Rock City and Chattanooga Area  

Rock City is a roadside attraction near Chattanooga, Tennessee on Lookout Mountain in Lookout Mountain, Georgia, located near Ruby Falls. It is well-known for the many barn roofs throughout the southeast United States that have the slogan "See Rock City" painted on their roofs. In total, over 900 barn roofs in nineteen states were painted by Clark Byers for Rock City. The publicity and lore claim that it is possible to see seven states from Lover's Leap, a point in Rock City. 

Ruby Falls is an 145-foot high underground waterfall located within Lookout Mountain, near Rock City.  In the 1920s a chemist and cave enthusiast named Leo Lambert thought that he could re-open the cave as a tourist attraction, and formed a company to do so. He planned to make an opening further up the mountain than the original opening and transport tourists to the cave via an elevator. For this purpose, his company purchased land on the side of Lookout Mountain above Lookout Mountain Cave and in 1928 began to drill through the limestone. In doing so, they discovered a small passageway about 18 inches high and four feet wide. Exploring this opening, Lambert discovered the formerly hidden Ruby Falls Cave and its waterfall.  On his next trip to visit the cave, Lambert took his wife Ruby, and told her that he would name the falls after her.

 

   
Chickamauga Battlefield (Georgia)  
The Battle of Chickamauga, fought September 18 to September 20, 1863, marked the end of a Union offensive in south-central Tennessee and northwestern Georgia called the Chickamauga Campaign.

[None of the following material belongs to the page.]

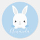 Sticker Rond Petit lapin bleu mignon avec nom personnalisé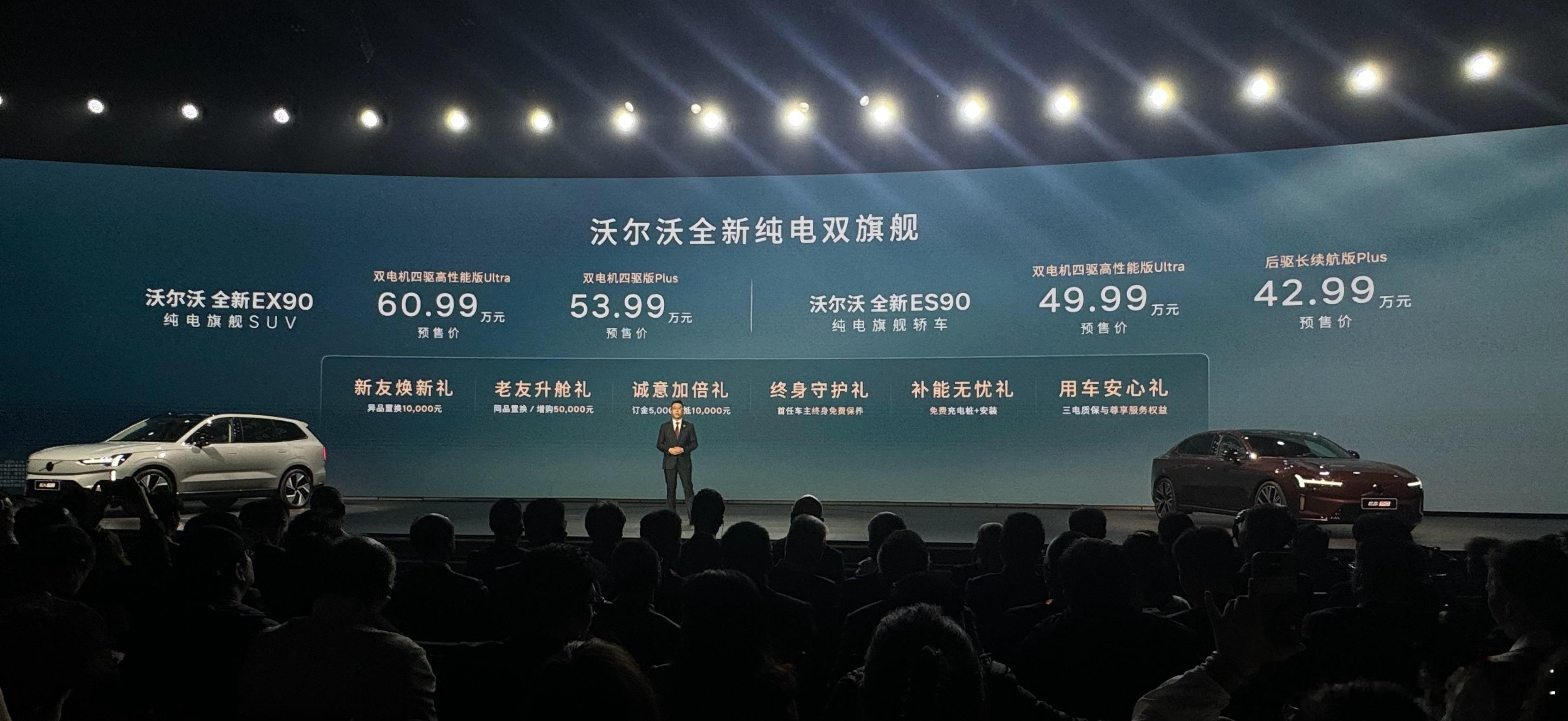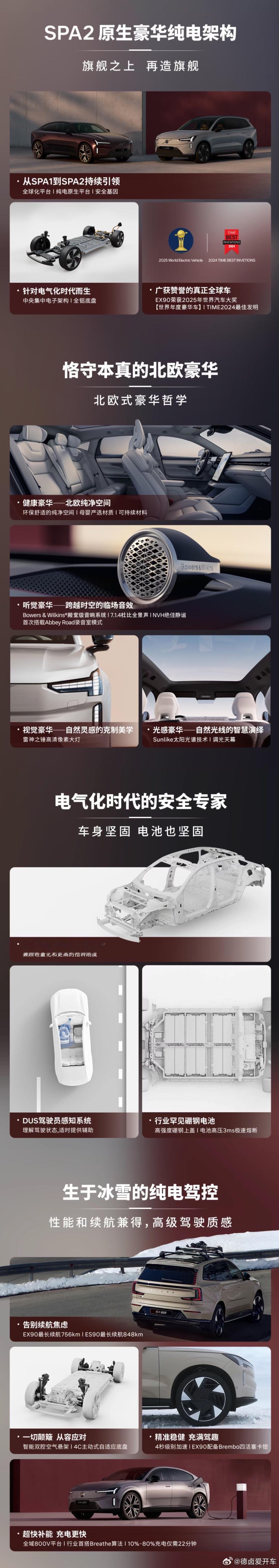 沃尔沃EX90与ES90同步开启预售:- EX90预售价53.99万-60.99万元,- ES90预售价42.99万-49.99万元;沃尔沃纯电双旗舰开启预售两款车型均基于SPA2原生豪华纯电专属平台打造,搭载800V高压架构。

The battle was the most significant Union defeat in the Western Theater of the American Civil War. The battle was fought between the Union Army of the Cumberland under Maj. Gen. William Rosecrans and the Confederate Army of Tennessee under General Braxton Bragg, and was named for the Chickamauga Creek, which flows into the Tennessee River about 3.5 miles (5.6km) northeast of downtown Chattanooga. Chickamauga was a local Indian word meaning "Stagnant River" or, less accurately, "River of Death," a usage that may have begun after the battle.  Considered a Confederate victory for halting the Union advance, the Battle of Chickamauga was a costly one. It claimed an estimated 34,624 casualties (16,170 for the Union; 18,454 for the Confederates).

In the 1890s, the Congress of the United States authorized the establishment of the first four national military parks: Chickamauga and Chattanooga, Shiloh, Gettysburg, and Vicksburg. The first and largest of these, and the one upon which the establishment and development of most other national military and historical parks was based, was at Chickamauga, GA.  It owes its existence largely to the efforts of Generals Henry V. Boynton and Ferdinand Van Derveer, both veterans of the Union Army of the Cumberland, who saw the need for a federal park to preserve and commemorate these battlefields during a visit to the area in 1888. The 5,200 acre Chickamauga Battlefield contains numerous monuments, historical tablets, wayside exhibits, and trails.